Sunday, December 7, 2008

V for Vendetta

The script for the film is so well written that makes me want to quote on and on. The most famous anti-authoritarian saying is “people should not be afraid of their governments. Governments should be afraid of their people.” Ironically, it’s in huge contrast to what happened in reality. At the end, V sacrifices his personal life, as he believes “beneath this mask there is more than flesh. Beneath this mask there is an idea… And ideas are bulletproof.” Thus it doesn’t matter whether he would die or not, since his idea has already spread to everyone.

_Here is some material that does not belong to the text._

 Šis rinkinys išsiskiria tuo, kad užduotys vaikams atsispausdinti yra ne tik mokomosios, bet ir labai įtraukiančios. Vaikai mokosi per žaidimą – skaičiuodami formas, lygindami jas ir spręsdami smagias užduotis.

However, no matter how inspiring those sentences sound to be, I still keep my suspicion for such character like V. I would rather think revolution is just a temporary illusion, and I never agree with the means to use violence to anti-violence in the name of revolution. In the introduction of V himself, he explains “the only verdict is vengeance, a vendetta...held as a votive not in vain, for the value and veracity of such...shall one day vindicate the vigilant and the virtuous.” But is revenge the only thing we could do? Should we sacrifice some people’s lives in order to exchange for “the happiness of majority,” or could we?

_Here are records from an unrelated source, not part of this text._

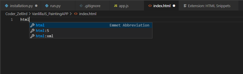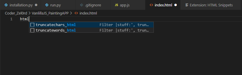index.html파일을 하나 열어줍니다. 그리고 html이라고 입력을 하면 suggestion이 뜨게 됩니다.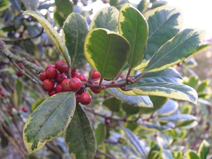 At the back is a fine variegated holly – it’s right next to the Ginkgo I mentioned in a previous rambling, and the contrast between the Ginkgo’s yellow autumn foliage and the yellow-and-green variegation of the holly is inspired. And it looks like we’ll have holly berries for Christmas for the first time ever this year.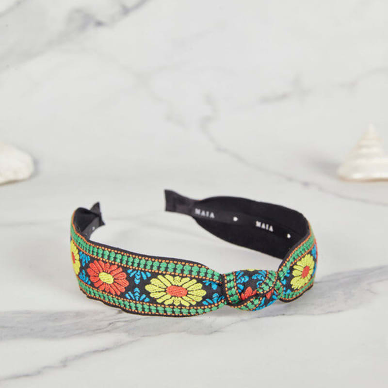MAIA Зеленая Цветочная Жаккардовая Повязка для Волос - Узловатая Оранжево-Зеленая — купить товар онлайн с бесплатной доставкой по всему миру!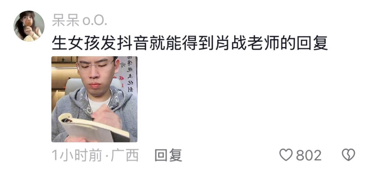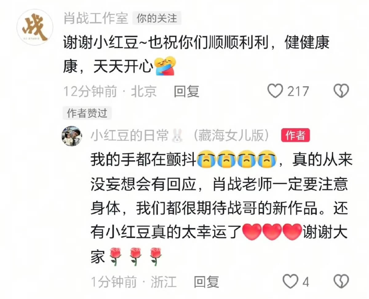 這段影片引起了很多人的關注,都認為孩子真的太可愛了!結果沒想到肖戰工作室居然空降評論區,回應了小紅豆,也送上了祝福👇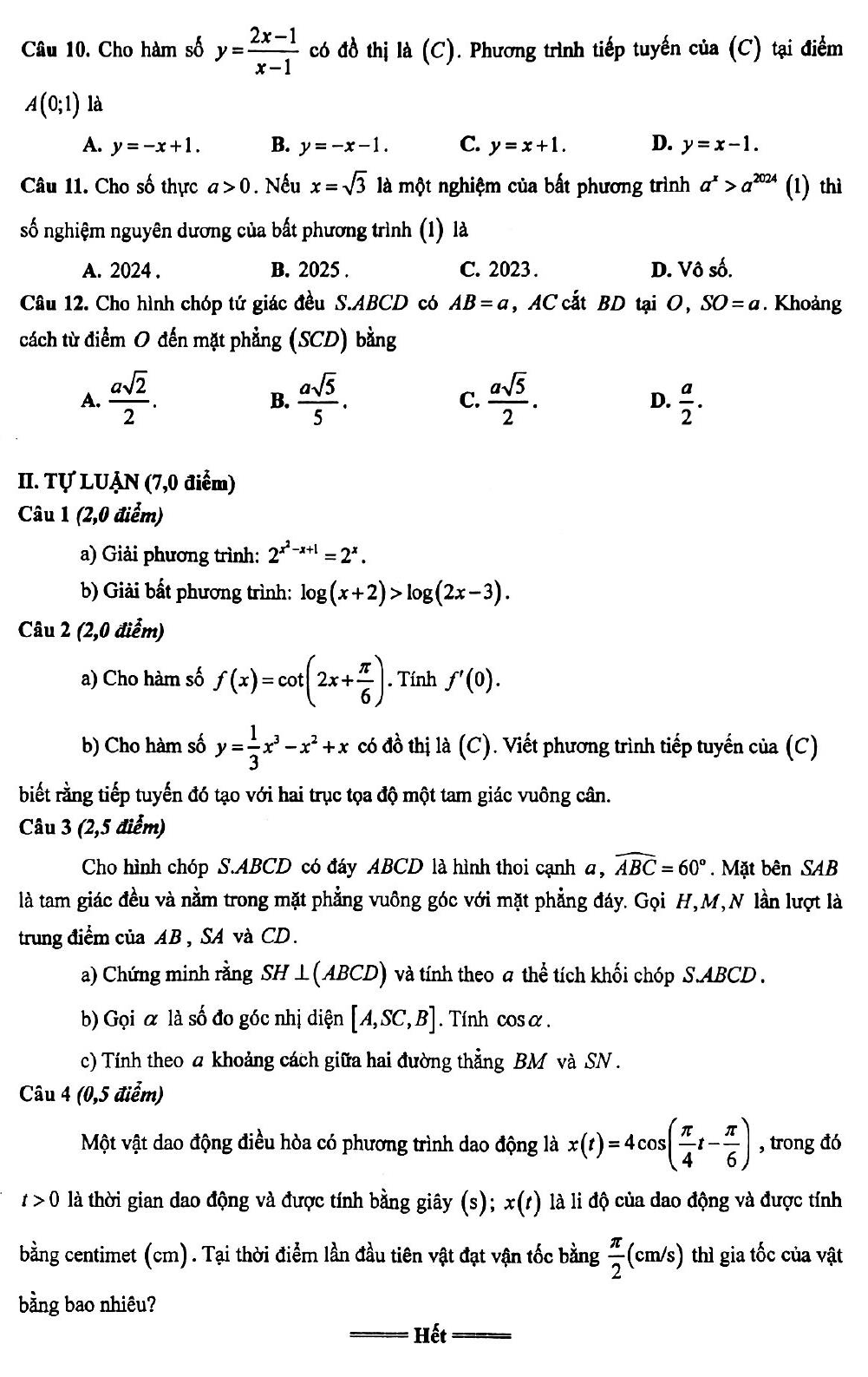 Đề thi học kì 2 môn Toán 11 Sở GD&ĐT Bắc Ninh năm 2024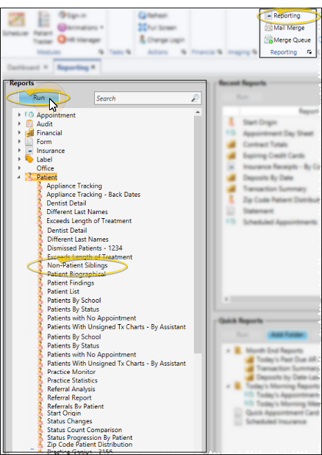 Select Reporting from the Reporting section of the Home ribbon bar. Then from the Patient section, open the Non-Patient Siblings report. You can double-click the report name, or click Run at the top of the window to continue.(You can also use the Search field to find the report you want to work with.) You might also be able to run this report from your Recent Reports or Quick Reports list. See "Run Edge Cloud Reports" for details.

Evey actually has her doubts for V. In their conversation, she raises the question.
E-You really think blowing up Parliament's going to make this country a better place?
V-There's no certainty, only opportunity.
Well, there are so many opportunities come and go. Every time the revolution is supposed to liberate all human beings, but at the end, it’s just a switch to another dictatorship. V criticizes the dictator as “he promised you order, he promised you peace and all he demanded in return was your silent, obedient consent.” But who knows after the revolution there won’t be another dictator just like that?

At least, that’s the cycle happened in Chinese history over thousands of years, and we still haven’t get out of it. I’d like to quote from someone said in the documentary of “Tiananmen”: “In the past century or so, the Chinese people have shed blood time and again, without losing the courage to fight for their ideals. Each battle, however, has ended in a new tragedy, another shattered dream. I believe that what the Chinese lack are not ideals, but the means through which to realize them; not courage, but the wisdom necessary to achieve their goal. What the Chinese lack is not a heart, but a mind.”

“The strength comes from united, and the united comes from belief.” V usually likes to draw a huge V on this government slogan, so as to show he’s against it. But if think again, V actually practices the same idea as the government, when we see thousands of people march to the government building under V’s masks.

Again back to what happened in 1989, China. During that time, some people shouted, “down with Li Peng.” Such a slogan was exactly what people used in the Cultural Revolution. It is still the same tactic the Party used when they tried to accuse a person. Students tried to oppose the government’s misbehavior, but they ended up just like them, because they were educated by the same ideology from the government.

So the real question is what would happen after the revolution? The explosion could be seen as a carnival, but it doesn’t bring anything. People have to back to their normal life. Then who should bring back the order, and what kind of order? The film ends there, but the real life has to go on.